Supermarket peeves: I have lots.
But today I'll leave you with just the one.

Everyone must be familiar with those plastic dividers people put on the conveyor belt to keep their shopping apart?

Ok. About a decade ago those things weren't in existence here. Which was awkward. 'That bread isn't mine, it must have slided over' and stuff.

But now they are everywhere. Joy.

BUT: People now expect you to put one of those things immediately after you've put the shopping on the conveyor belt. No delay permitted. It has to be done in the same flow of the cart-emptying business.
Usually the belt is so long and the dividers scarce you can't reach one from where you're standing in the queue.
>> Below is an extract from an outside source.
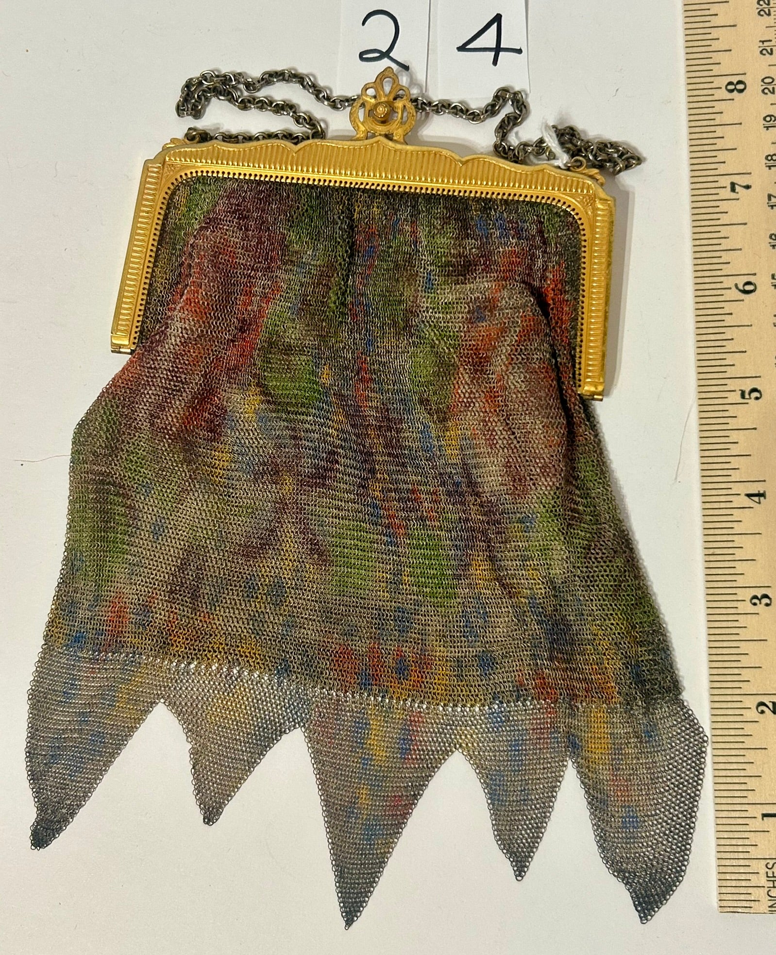 ANTIQUE WHITING & DAVIS FINE MESH FLORAL PURSE

So the person behind you is getting all stressed out because he/she doesn't want to have the shopping mixed up with yours and is holding off putting stuff on the belt al long as you haven't put down the divider.
And so this huge gap empty space emerges behind your shopping, like it has lepra or something. You are considered an asocial person if you do not put down the divider. You, being in front of the other person, have to fulfill your altruistic duty.

ALSO (ok, this is the second peeve): supermarket etiquette requires you say thank you and nod politely to the person in front of you putting down the divider. As if your shopping has been gracefully saved the embarrassment of being added to someone else's bill.

Gah. I need to go down the shops again today. Do not want.